▶ _What the exercise asks_:
Restate word for word the material below, starting at the line that contains "Vintage Florida Orange" and stopping after the last line; skip pictures.

[Information shown — start]

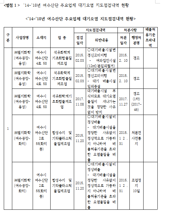 LG화학(여수공장-용성)은 2015년 대기배출시설 변경신고 미이행으로 경고조치를 받고 2017년 대기오염물질이 새는 것을 정당한 사유없이 방치했지만 경고에 그쳤다. 2015년 LG화학 여수공장은 염화수소가 누출돼 화학사고로 부상자 1명이 발생했던 곳이다.
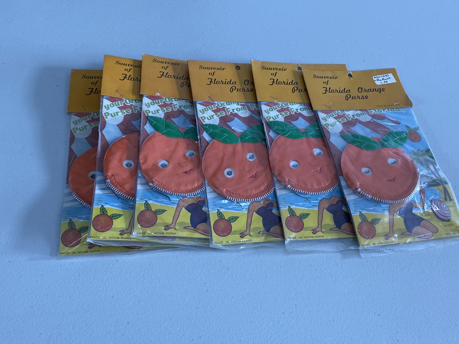 Vintage Florida Orange Zipper Purse Girl Anthropomorphic Face Fruit Souvenir
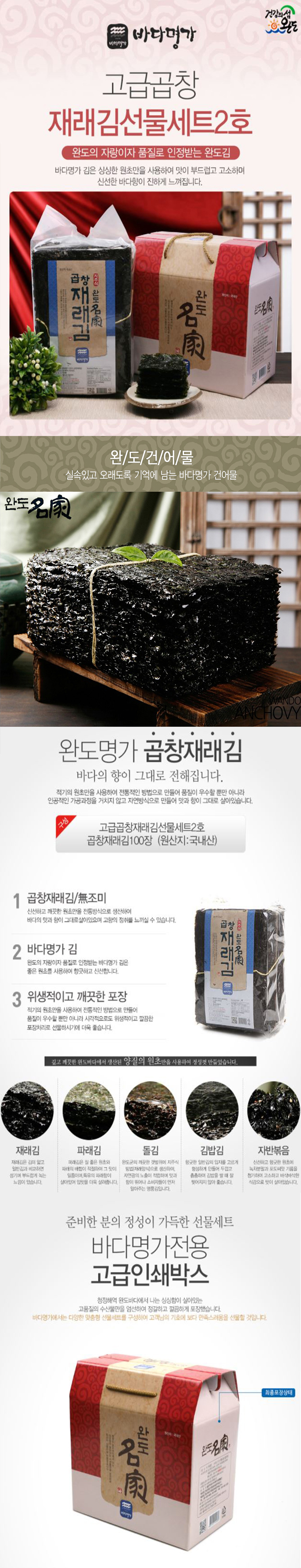 - 품목 또는 명칭: 고급곱창재래김선물세트 2호 / 내용(구성)량 : 상세설명표기
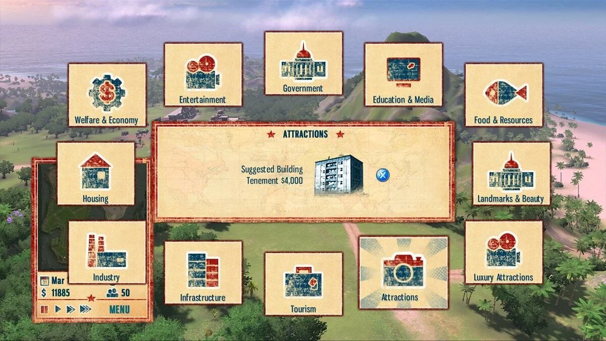 Внешне игра не изменилась. Все тот же остров, все те же жители, живущие своей жизнью, все та же пристань, на которую постоянно приплывает грузовой корабль. Но играется все это иначе, да и все 20 миссий, представленные в игре, связаны сюжетом. Созданный нами диктатор мотается по островам и решает разные экономические и политические проблемы государства. Политические отношения стали намного важнее, и теперь помимо сверхдержав появилось еще несколько стран, с которыми можно установить дружеские отношения, но основными по-прежнему являются США и СССР. Они дают нам чертежи, переводят деньги и помогают держаться на посту президента. Выборы на этот раз проходят на порядок сложнее, и переманить избирателей только с помощью красивой речи не получится, придется принимать дополнительные меры, такие как издание указа о бесплатном жилье или подтасовки результатов, которая может запросто раскрыться.

[Information shown — finish]

▶ _Written answer_:
 Vintage Florida Orange Zipper Purse Girl Anthropomorphic Face Fruit Souvenir
 - 품목 또는 명칭: 고급곱창재래김선물세트 2호 / 내용(구성)량 : 상세설명표기
 Внешне игра не изменилась. Все тот же остров, все те же жители, живущие своей жизнью, все та же пристань, на которую постоянно приплывает грузовой корабль. Но играется все это иначе, да и все 20 миссий, представленные в игре, связаны сюжетом. Созданный нами диктатор мотается по островам и решает разные экономические и политические проблемы государства. Политические отношения стали намного важнее, и теперь помимо сверхдержав появилось еще несколько стран, с которыми можно установить дружеские отношения, но основными по-прежнему являются США и СССР. Они дают нам чертежи, переводят деньги и помогают держаться на посту президента. Выборы на этот раз проходят на порядок сложнее, и переманить избирателей только с помощью красивой речи не получится, придется принимать дополнительные меры, такие как издание указа о бесплатном жилье или подтасовки результатов, которая может запросто раскрыться.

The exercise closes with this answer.